Ihr Tratschpartner kann Ihnen aber schon heute, am Nationalfeiertag, verkünden: Ein Haus der Geschichte ist in diesem eigenständigen Gebäude laut technischer Studie durchaus machbar. Es stünden 4.000 Quadratmeter zur Verfügung, 3.000 davon als Ausstellungsfläche. Natürlich muss es zu Absiedelungen kommen, da derzeit unter anderem das Naturhistorische Museum und der Dschungel eingemietet sind. Aber auch das ist durchaus machbar: Mayer hat das Projekt bereits mit Wiens Kulturstadträtin Veronica Kaup-Hasler besprochen.

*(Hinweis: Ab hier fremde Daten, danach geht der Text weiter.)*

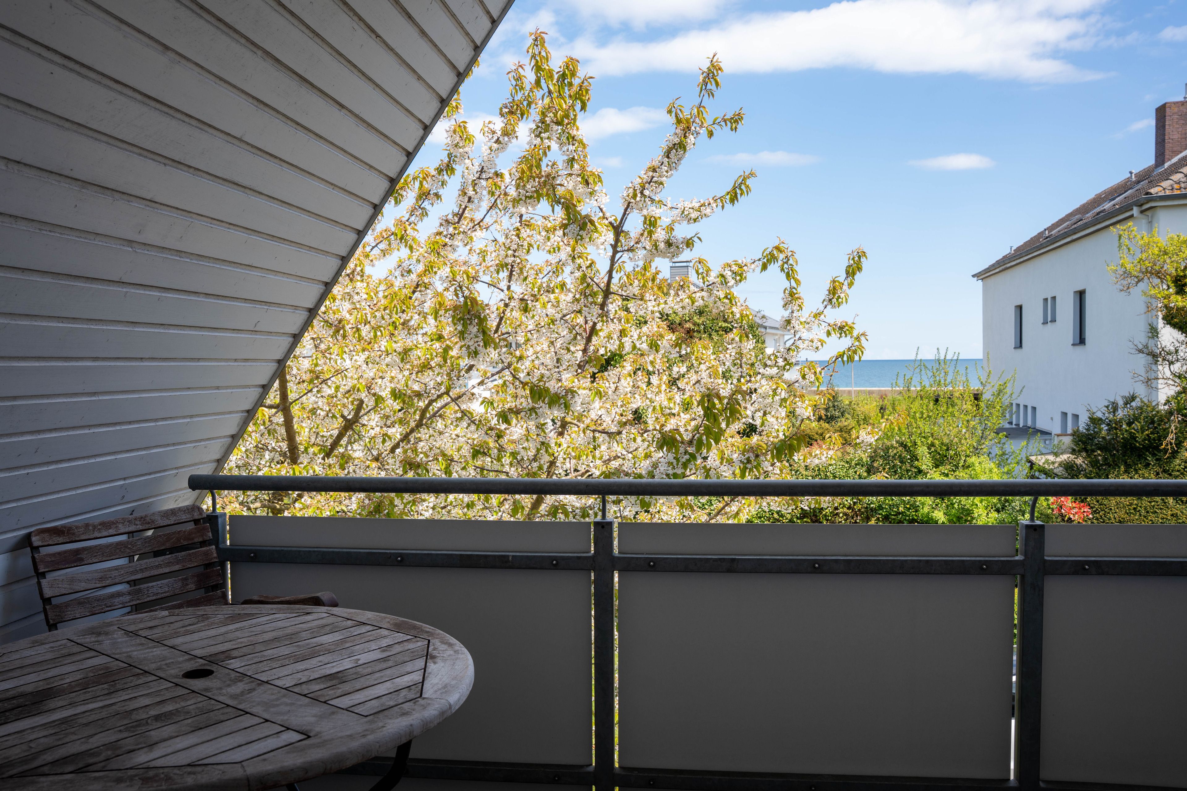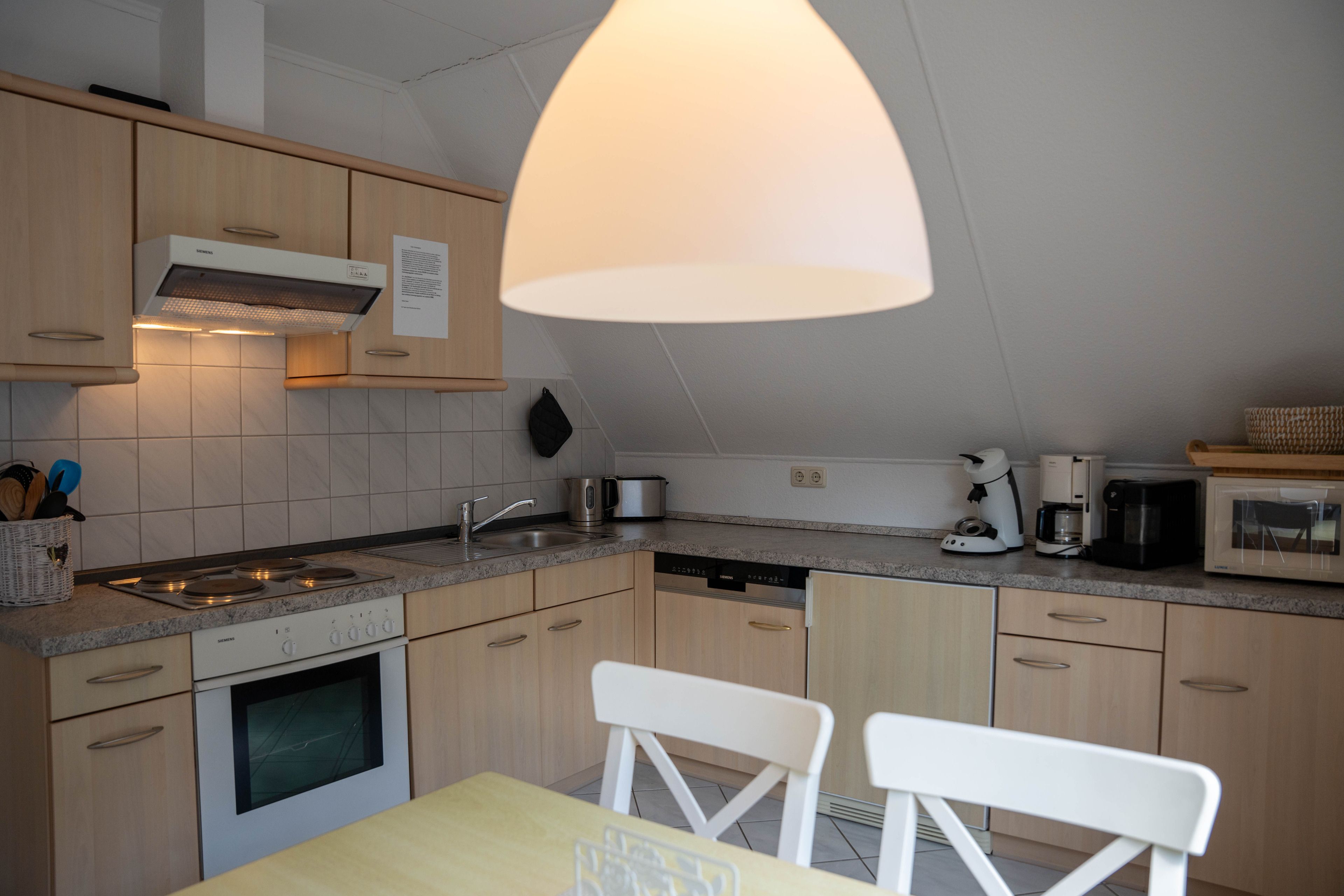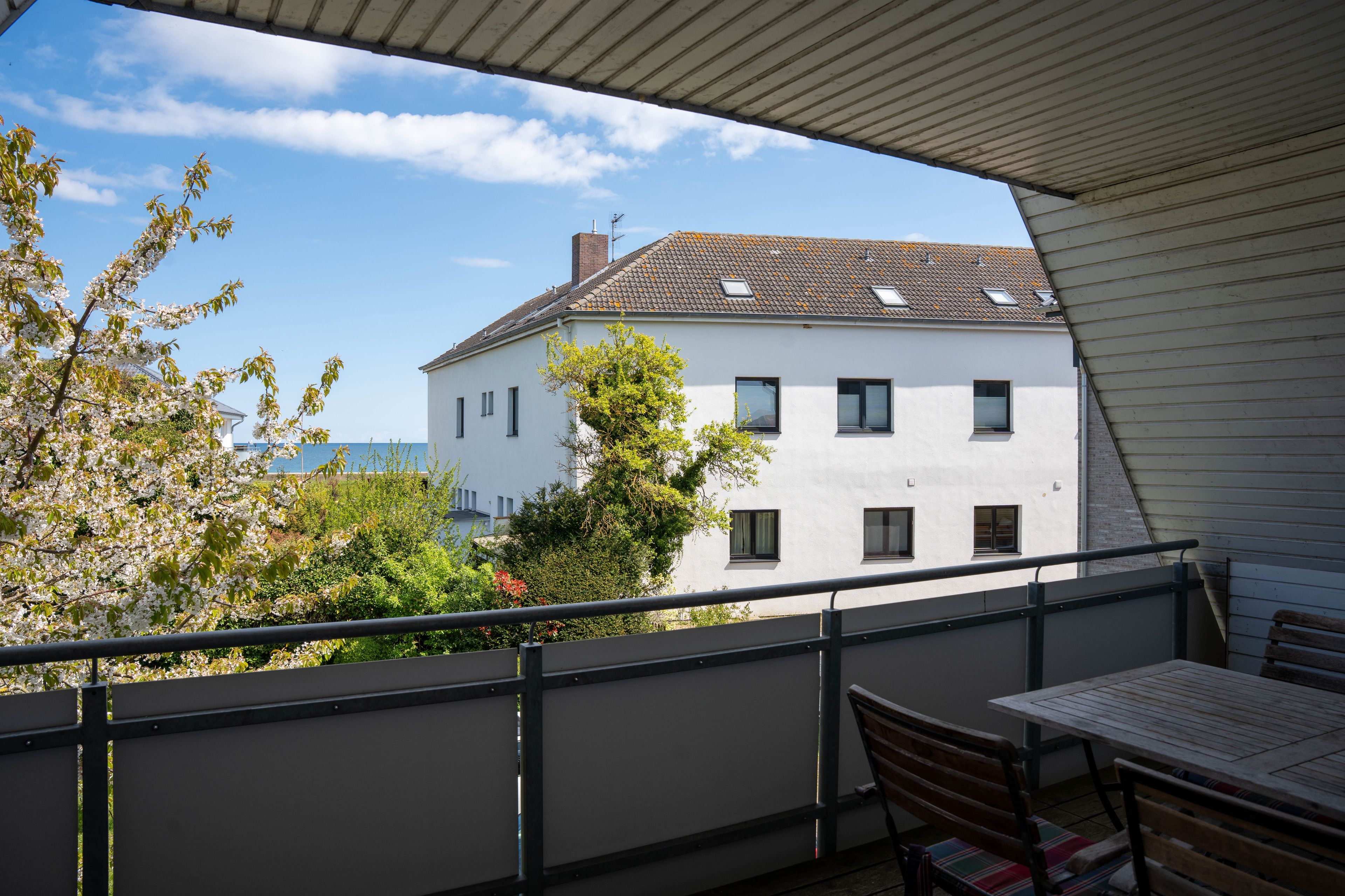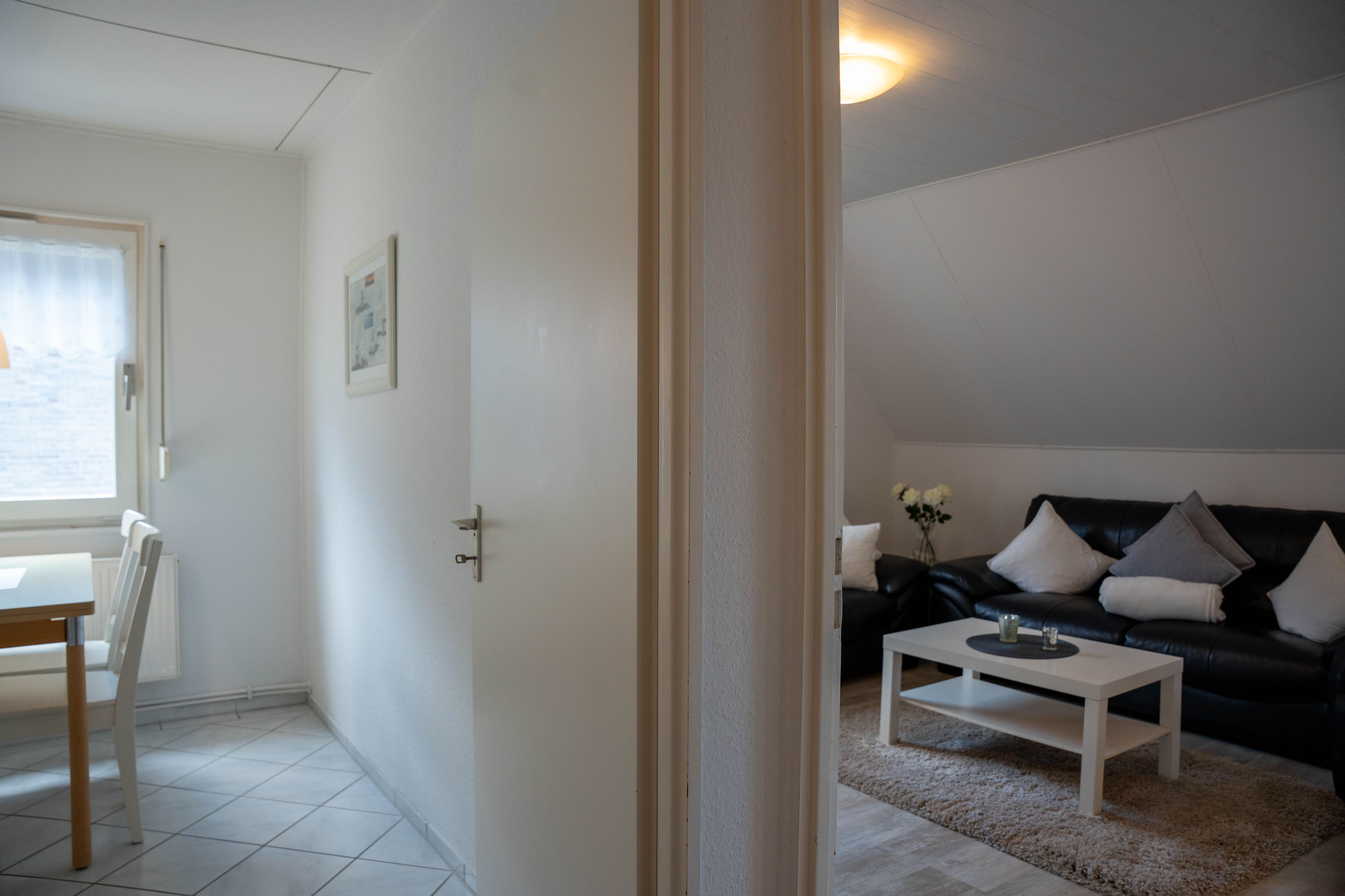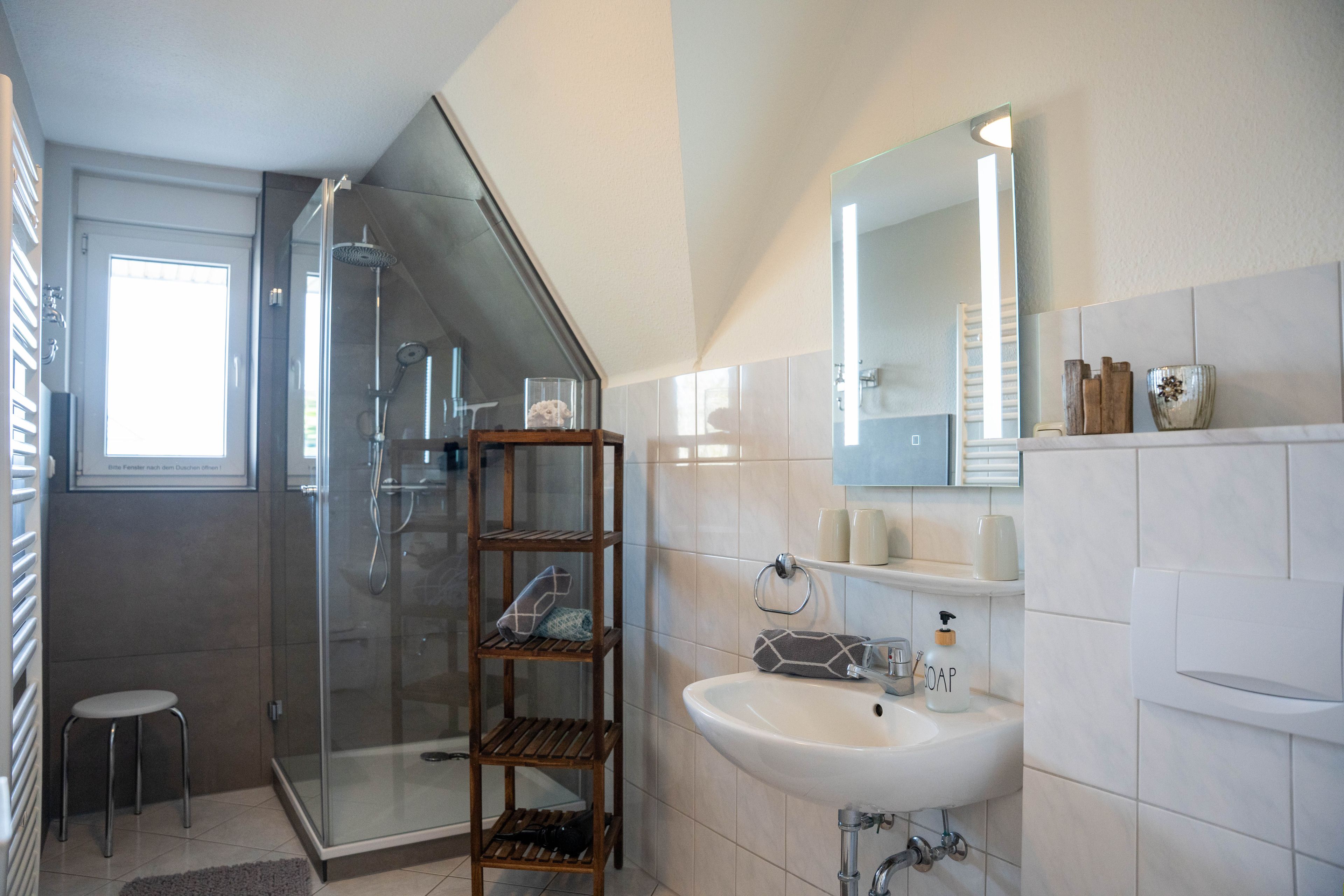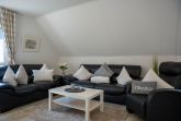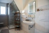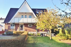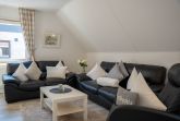 Die ca. 100 qm große Ferienwohnung befindet sich im 1. OG und Dachgeschoss des Hauses. Es stehen Ihnen 2 Elternschlafzimmer im OG und ein komplett neu gestaltetes Schlafzimmer mit gemütlicher Matratzen Schlafcouch (150x200 cm) und Kleiderschrank im Dachgeschoss sowie Meerblick zur Verfügung. Das neu und freundlich gestaltete Wohnzimmer mit 2er und 3er Couch, sowie Sessel und Esstisch wird Sie begeistern. Von hier aus, führt eine Treppe nach oben in das 3. Schlafzimmer mit Meerblick. Die separate Küche ist gut ausgestattet und verfügt über einen kleinen Esstisch mit Bestuhlung. Das Badezimmer ist mit einer Dusche und WC ausgestattet. Auf der zur Seeseite gelegenen 5x2 Meter großen, blickgeschützten Loggia lässt es sich in der Morgensonne gemütlich frühstücken und teilweise den Blick auf die Ostsee genießen. Die Ferienwohnung verfügt über Außenrollläden.

Der bekrönende Doppeladler dürfte Monika Sommer zwar ein Dorn im Auge sein, aber sie wird weit mehr Budget als jetzt zur Verfügung haben. Und sie hat genügend Platz für Wechselausstellungen. Sprich: Sie kann die ursprünglich fixierten Zielsetzungen des Hauses der Geschichte umsetzen.
Den Fokus allerdings wird sich wohl etwas verschieben müssen. Auf dem von ihr nach der 1944 in Auschwitz ermordeten Violinistin Alma Rosé benannten Plateau zeigte Monika Sommer in den letzten fünf Jahren fast nur Schauen, die sich mit der NS-Zeit und dem Holocaust beschäftigen. Sicher, der Ort (von diesem Plateau gelangt man zum sogenannten „Hitler-Balkon“) legt die Thematik nahe. Aber wie gesagt: Ein Haus der Geschichte der Republik Österreich sollte doch ein etwas breiteres Gesichtsfeld haben.
Die angemieteten Räume würden nach der Übersiedelung wieder dem Kunsthistorischen Museum überlassen. Was auch richtig ist. Denn es wurden bereits kostspielige Bauarbeiten durchgeführt, um dort die Reliefplatten des Heroons von Trysa, einer antiken Grabanlage, präsentieren zu können.
Andererseits: In Österreich gibt es nach wie vor kein Holocaust-Museum. Die Neue Burg würde sich geradezu anbieten. Nicht nur wegen des „Hitler-Balkons“: In der Neuen Burg wurden die von den Nationalsozialisten enteigneten Kunstschätze deponiert. Vielleicht will die Regierung auch noch dieses Projekt stemmen – als eigenständiges Museum in Zusammenarbeit vielleicht mit dem Jüdischen Museum Wien?